### [What is needed]
Find the line with "أعلن المركز الوطني" in the records below, then please transcribe it and every later line exactly, omitting the pictures and adding nothing.

### [Recorded data]

◇ ◇ ◇ ◇ ◇

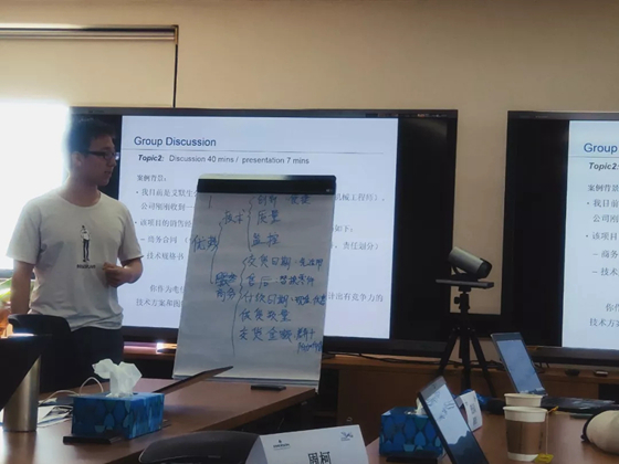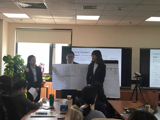当天下午,艾默生各岗位主管到场,活动进入了重要的圆桌讨论环节。此次圆桌讨论共设置了两个讨论题目,同学们分为五组前往不同的会议室进行小组讨论。在高工学生工科思维、文法学生文科思维和经管学生商科思维的共同碰撞下,每个小组在展示环节上都交了一份满意的答卷。展示结束后,艾默生岗位主管们对同学们的表现进行高度评价,鼓励大家在以后实习工作上再接再厉。
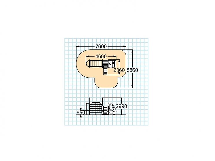 Размер: 4600х2360х2990 мм. Высота площадки 650 мм.
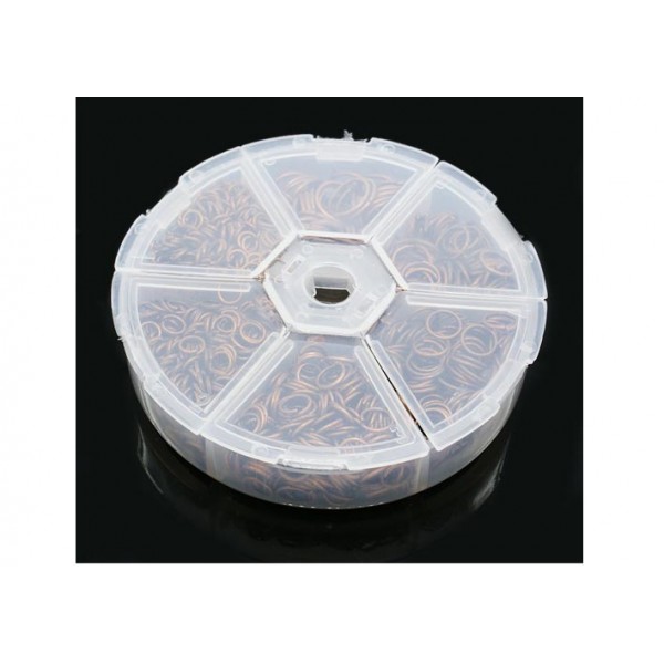 1745 runde und filigrane, kupferfarbene Biegeringe in einer praktischen Sortierbox. Mit den Biegeringen lassen sich viele Arten von Schmuckverschlüssen an Gliederketten u.ä. anbringen, aber man benötigt auch Biegeringe um z.B. Anhänger zu befestigen.
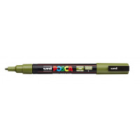 Uni Posca marcador de pintura base al agua -PC-3M Verde kaki 0,9-1,3mm Características: -Punta de poliéster cónica -Ancho de trazo de 0,9-1,3 mm Línea fina -Cuerpo de plástico -Marcador de pintura no permanente. Tinta pigmentada base al agua. Pinta sobre cualquier superficie y es muy resistente a la luz, es inodoro, las manchas se pueden lavar con agua, desapareciendo inmediatamente, ideal para cartelería, decoración, escaparatismo, posters, etc. -NO ES TÓXICO
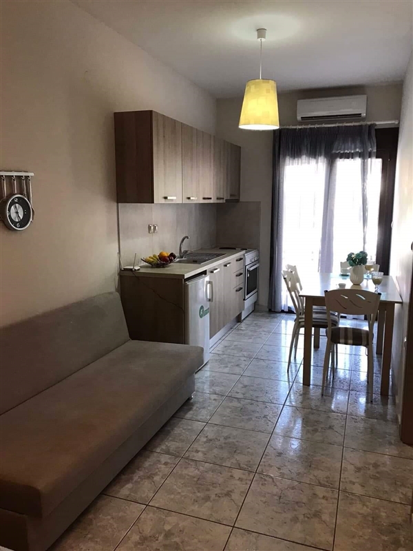 Апартман број 3А (1/4 ) – приземје, простран апартман. Има поглед кон улица. Има спална со брачен кревет и во кујна помал кревет (наменет за две деца или еден возрасен) и плус софа на пуштање. Опремен е со квалитетен мебел, сопствен тоалет, одлична кујна со сите потребни елементи (голем фрижидер, шпорет итн.). Има голема тераса со маси и столови.
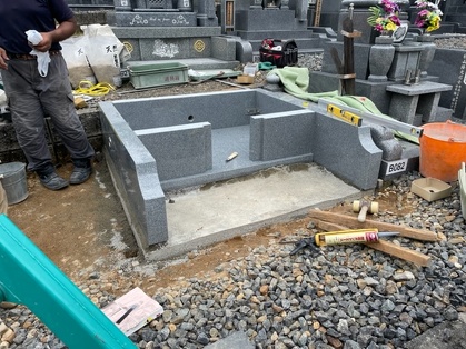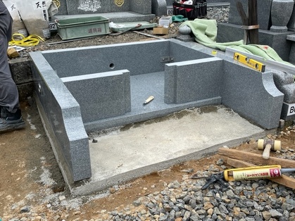 舞台を据え付けした後、骨壺を置くスペースの板石貼りを施工。裏や右横にブロックや他家の墓石がありますが、なるべく換気ができるように舞台だけでも3つ換気口を付けさせt頂きました。
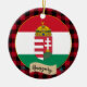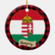 Ornamente: Rustikales Ungarn Zierdekoration mit ungarischer Fahne umgeben von roten und schwarzen Büffel karierten Mustern - Liebe mein Land, Weihnachtsdekoration, nationale Patrioten / Sportfans.
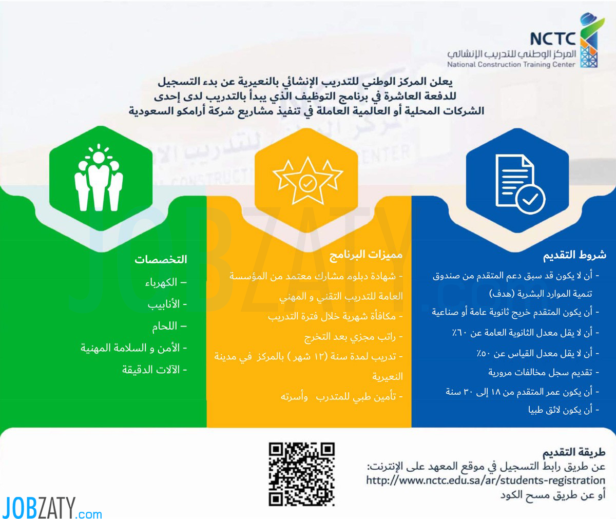 أعلن المركز الوطني للتدريب الإنشائي بدء التسجيل للدفعة العاشرة في برنامج التدريب والتوظيف الذي يبدأ بالتدريب لدى إحدى الشركات المحلية أو العالمية العاملة في تنفيذ مشاريع شركة أرامكو السعودية، وذلك وفقاً للتفاصيل التالية:
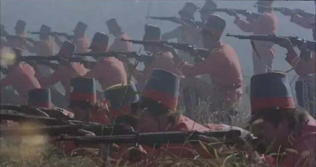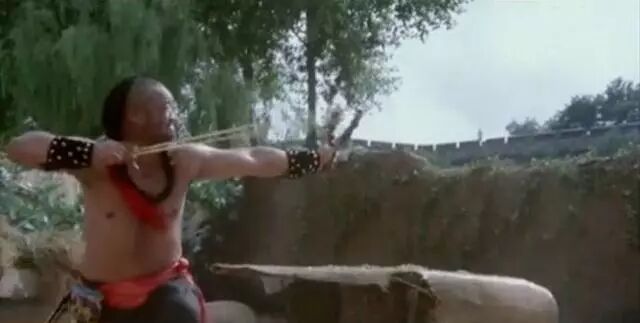 混星子玻璃花与主人公傻二的最后一次较量,是在古长城下的山顶上。傻二与八国联军交仗时失了“神鞭”,但他腰插双枪,使出百步穿杨的绝活,英豪气魄终于使玻璃花跪服。这组镜头也是影片的结尾。
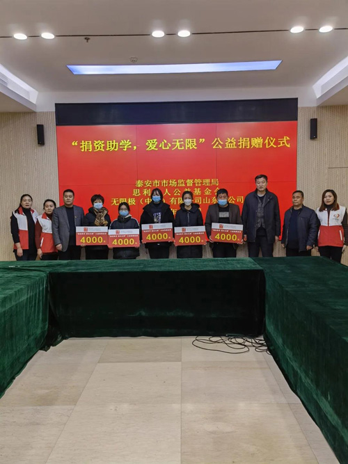 1月8日,“捐资助学,爱心无限”公益捐赠仪式在泰安举办。本活动自2016年起,秉着“思利及人”核心价值观,致力于解决贫困学生在学习上、生活中的困难,并鼓励学生勇于追梦,回馈社会,持续传递温暖和爱心。

◇ ◇ ◇ ◇ ◇

### [Task result]
 أعلن المركز الوطني للتدريب الإنشائي بدء التسجيل للدفعة العاشرة في برنامج التدريب والتوظيف الذي يبدأ بالتدريب لدى إحدى الشركات المحلية أو العالمية العاملة في تنفيذ مشاريع شركة أرامكو السعودية، وذلك وفقاً للتفاصيل التالية:
 混星子玻璃花与主人公傻二的最后一次较量,是在古长城下的山顶上。傻二与八国联军交仗时失了“神鞭”,但他腰插双枪,使出百步穿杨的绝活,英豪气魄终于使玻璃花跪服。这组镜头也是影片的结尾。
 1月8日,“捐资助学,爱心无限”公益捐赠仪式在泰安举办。本活动自2016年起,秉着“思利及人”核心价值观,致力于解决贫困学生在学习上、生活中的困难,并鼓励学生勇于追梦,回馈社会,持续传递温暖和爱心。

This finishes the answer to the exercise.